If we have a small number of results: I'm afraid this won't be automatically speculated by Phorge.

So, in case of few results, an option may be needed (yuck) in the individual Herald rules, with text to be designed as much confusing as possible as usual.

e.g. "When your Herald butler must run these actions?" Option 1: "URGENT!1 (default)" Option 2: "Chill..." - or something like that.

P.S. in phabricator.wikimedia.org - has it ever been necessary to manually disable Herald rules for de-activated ("disabled") users? Just to know whether to open another upstream feature request (yum).

I would be surprised to see a big number. I expect ~10 results, so no real benefit probably.

P.S. in phabricator.wikimedia.org - has it ever been necessary to manually disable Herald rules for de-activated ("disabled") users?

I've sometimes done that for Personal Rules. I don't remember if Phorge code is smart enough to ignore them. But I like to filter the Herald Rules on active rules.

I would be surprised to see a big number. I expect ~10 results, so no real benefit probably.

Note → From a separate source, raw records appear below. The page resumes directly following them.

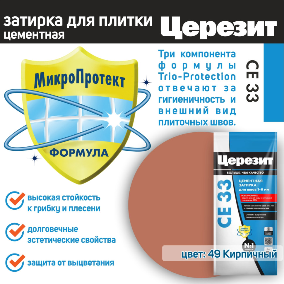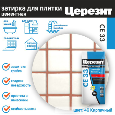 Цвет затирки Церезит СЕ33 49 - Кирпичный - насыщенный красно коричневый цвет, цвет обожженой глины. Фасовка 2 кг предназначена для выполнения типовых плиточных работ.
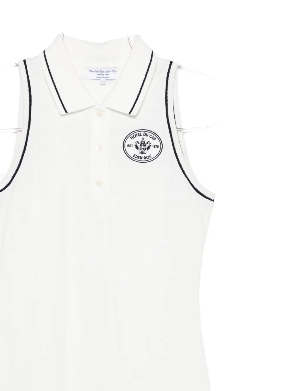 Воротник-поло с отделкой белого и темно-синего цветов, без рукавов, застежка на пуговицы с вышитым логотипом
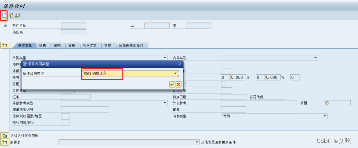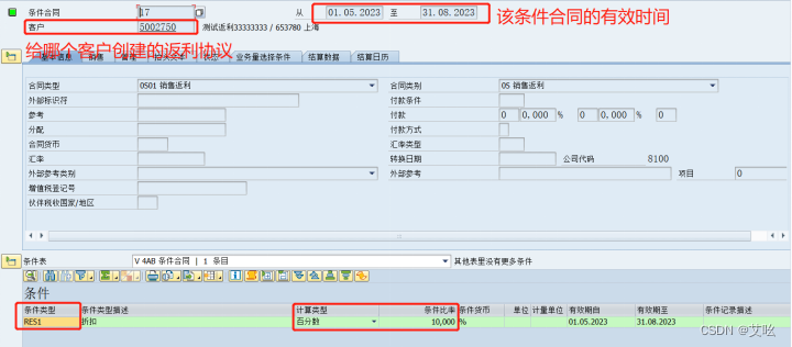 依据返利政策使用事务码:WCOCO,创建返利合同
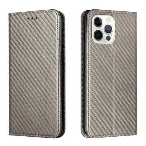 Funda de Cuero para iPhone 13 Pro Carbon Fiber Texture Flip Holder (Gris)
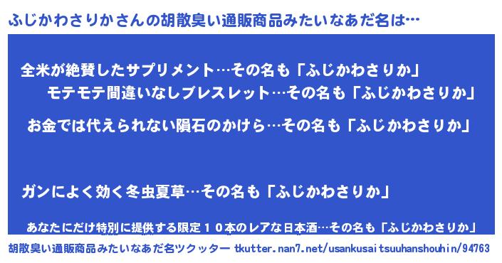 | ヒーロー風カッコイイあだ名 | 『慈愛の使者ふじかわさりか』 |
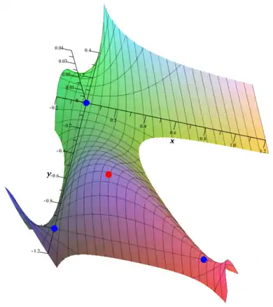 Thus, the second partial derivative test indicates that f(x, y) has saddle points at (0, −1) and (1, −1) and has a local maximum at since . At the remaining critical point (0, 0) the second derivative test is insufficient, and one must use higher order tests or other tools to determine the behavior of the function at this point. (In fact, one can show that f takes both positive and negative values in small neighborhoods around (0, 0) and so this point is a saddle point of f.)
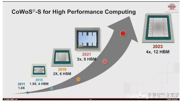 大家都熟悉的是CoWoS, S代表Silicon Interposer。通常是在65 nm 的製程中製造,因為是一整塊的單晶片,所以必須以同樣的方式製造,隨着我們進入小芯片的時代,需要有更多的芯片集成所以轉接板的尺寸越來越大,但是受到掩模版尺寸的限制,所以台積電研發出了大於掩模版尺寸的技術,根據他的路線圖道2023年,這些轉接板的尺寸將四倍於掩模版。

Can we look at the list of monograms? So I can manually sum their herald transcript costs

(I will do that looking at the link "View Herald Transcript" e.g. https://phabricator.wikimedia.org/herald/transcript/6901672/profile/ - which can be found in the task page, when that task is created)

I don't remember if Phorge code is smart enough to ignore them

Eh. Me too.

@valerio.bozzolan Admittedly I'm out of my depth here, but I'm not sure if async Herald rules would necessarily have to be limited to non-content-affecting actions? I included this in the upstream task I filed:

One thing @avivey mentioned under that question was regarding notifications: if Herald rules were asynchronous, then Phorge might end up sending double-notifications within a short space of time (one for the original edit, and one for Herald's reaction to that edit). However, another potential thought that occurred to me was: to prevent double-notifications in a case where Herald rules are executed by a daemon, why not move notification-sending to also be executed by a daemon (after any Herald rules have ran)?

Yep @A_smart_kitten I agree with you that I wouldn't invest days of work in a partial solution that speeds up just 20 rules. I evaluated that speculation first because it was at first glance the easiest and safer.

Let's continue in the upstream task.